■ Records shown
━━━━
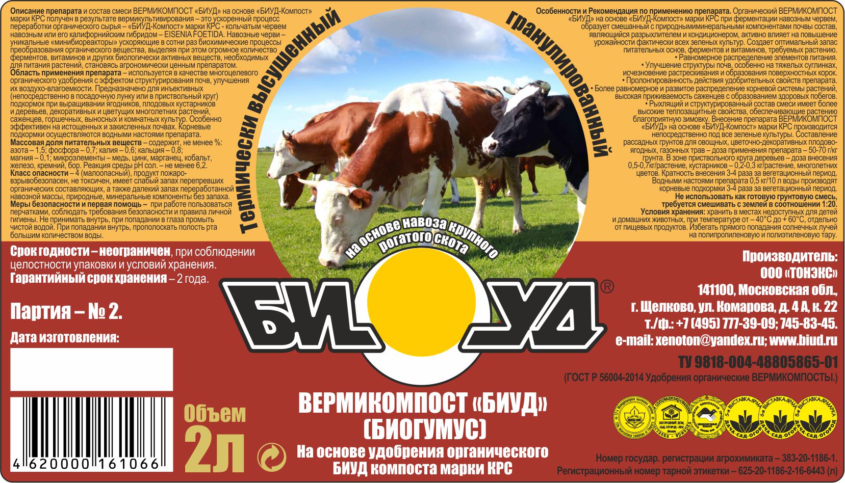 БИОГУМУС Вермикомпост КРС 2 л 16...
━━━━
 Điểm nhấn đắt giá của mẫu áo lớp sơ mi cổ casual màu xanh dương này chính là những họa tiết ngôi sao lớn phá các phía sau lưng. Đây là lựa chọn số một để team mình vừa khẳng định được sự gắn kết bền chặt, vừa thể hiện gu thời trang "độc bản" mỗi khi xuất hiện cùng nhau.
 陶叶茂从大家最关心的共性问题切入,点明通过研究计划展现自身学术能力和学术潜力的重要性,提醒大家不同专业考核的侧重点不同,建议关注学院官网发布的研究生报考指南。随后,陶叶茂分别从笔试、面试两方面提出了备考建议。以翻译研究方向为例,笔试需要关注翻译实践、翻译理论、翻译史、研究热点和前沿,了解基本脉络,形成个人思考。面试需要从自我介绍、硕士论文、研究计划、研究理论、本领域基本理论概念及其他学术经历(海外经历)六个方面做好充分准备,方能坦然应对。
━━━━
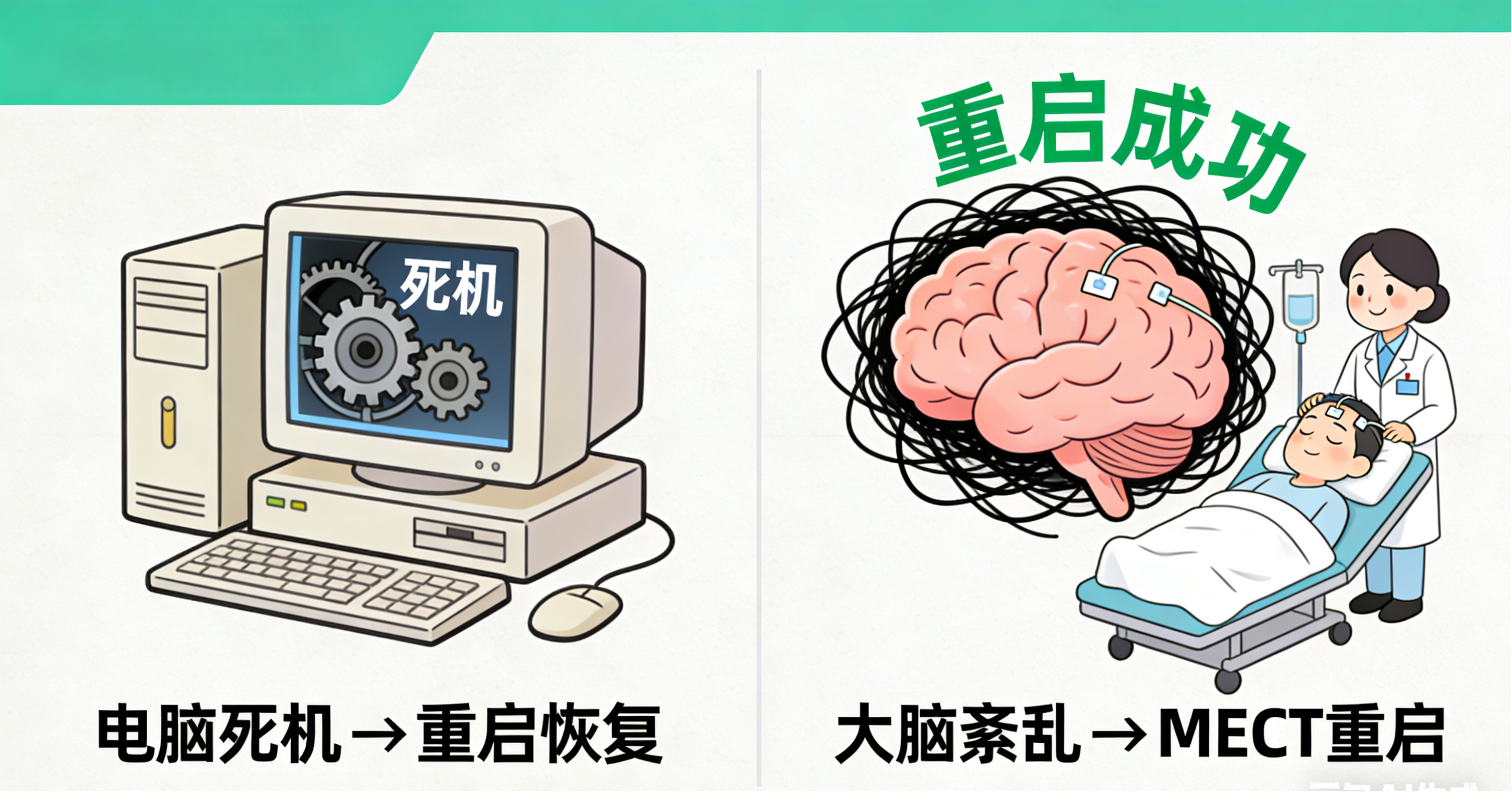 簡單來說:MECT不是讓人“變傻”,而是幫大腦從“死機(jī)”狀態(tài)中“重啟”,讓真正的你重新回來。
━━━━
■ Task instructions
Your answer should be the exact lines above from the one with "Điểm nhấn đắt" through the one with "陶叶茂从大家最关心的共性问题", both included, and nothing besides.

■ Written solution
 Điểm nhấn đắt giá của mẫu áo lớp sơ mi cổ casual màu xanh dương này chính là những họa tiết ngôi sao lớn phá các phía sau lưng. Đây là lựa chọn số một để team mình vừa khẳng định được sự gắn kết bền chặt, vừa thể hiện gu thời trang "độc bản" mỗi khi xuất hiện cùng nhau.
 陶叶茂从大家最关心的共性问题切入,点明通过研究计划展现自身学术能力和学术潜力的重要性,提醒大家不同专业考核的侧重点不同,建议关注学院官网发布的研究生报考指南。随后,陶叶茂分别从笔试、面试两方面提出了备考建议。以翻译研究方向为例,笔试需要关注翻译实践、翻译理论、翻译史、研究热点和前沿,了解基本脉络,形成个人思考。面试需要从自我介绍、硕士论文、研究计划、研究理论、本领域基本理论概念及其他学术经历(海外经历)六个方面做好充分准备,方能坦然应对。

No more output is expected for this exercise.